SSGs, as well as official soccer matches, can be considered dynamic systems that involve relationships between two teams under the influence of different positional and contextual factors [5]. Therefore, all training scenarios involve some level of unpredictability, which naturally leads to an increase in the variability of stimuli [16]. This variability is essential for developing the tactical and technical aspects of the game and, in turn, solving problems that emerge during SSGs (see the discussion about within- and between-session variations of technical-tactical outcomes). However, considerable variability between teammates and sessions may not be ideal for developing physiological and physical traits. A more controlled variability level might be better when considering that the training load should be logically progressed, individualized, and standardized [40].

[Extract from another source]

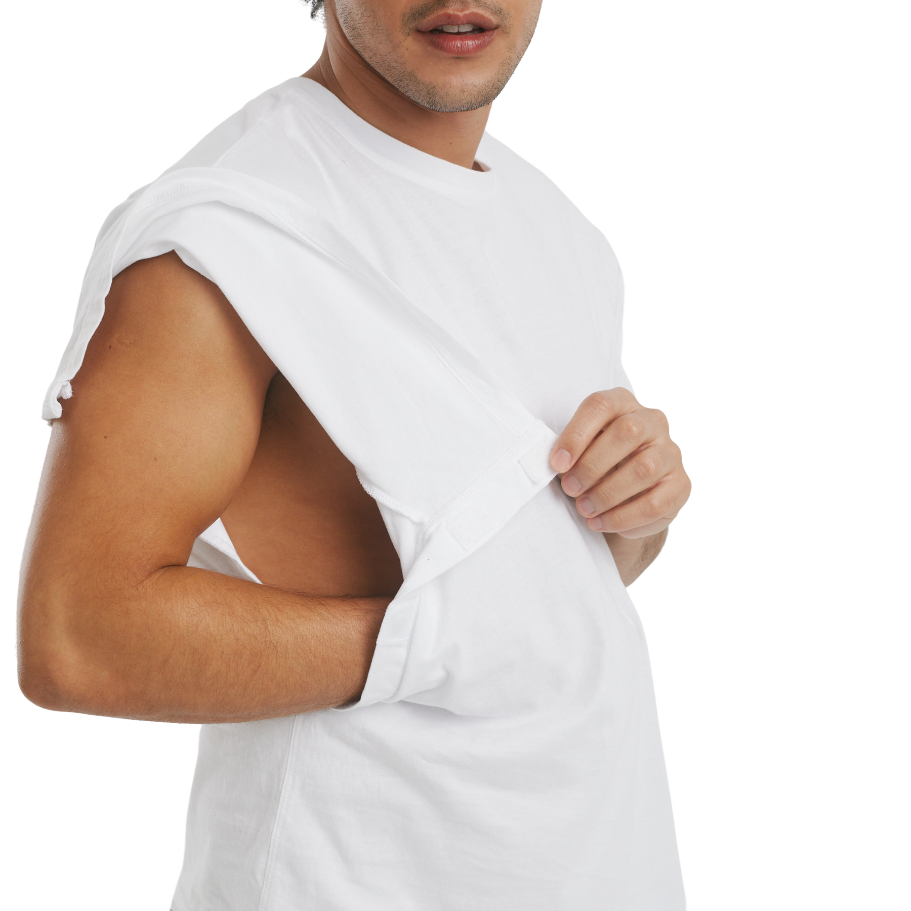 The Shapes United Men's ‘Side Fastening T-Shirt’. A wardrobe staple for those with limited arm mobility who love quality clothing. Hello comfy independent dressing!

Variability of technical execution during SSGs
Regarding technical execution, considerable within-session variation was reported in the selected studies, while no study has investigated between-session variations, which signifies a gap in the literature. From an ecological perspective, motor responses arise due to the emerging problems in a given task [41]. For this reason, when adopting SSGs, it seems plausible to expect that players’ responses will be highly variable, as they can adapt their behavior to create novel contexts. For example, a recent study showed that players’ behavioral efficiency was higher in the last bout than in the first [42], which supports the rationale that different technical executions are likely to be observed over successive bouts (within-session variation). Also, the task constraints seem to indicate players’ preferable methods for solving the emerging problems [43, 44]. At this point, the majority of the analyzed studies have included free tasks with no specific constraints, which might have increased the variation as a large number of different motor responses were possible. For this reason, we suggest that future studies test whether including more restrictive task constraints reduces the variability of technical execution in SSGs.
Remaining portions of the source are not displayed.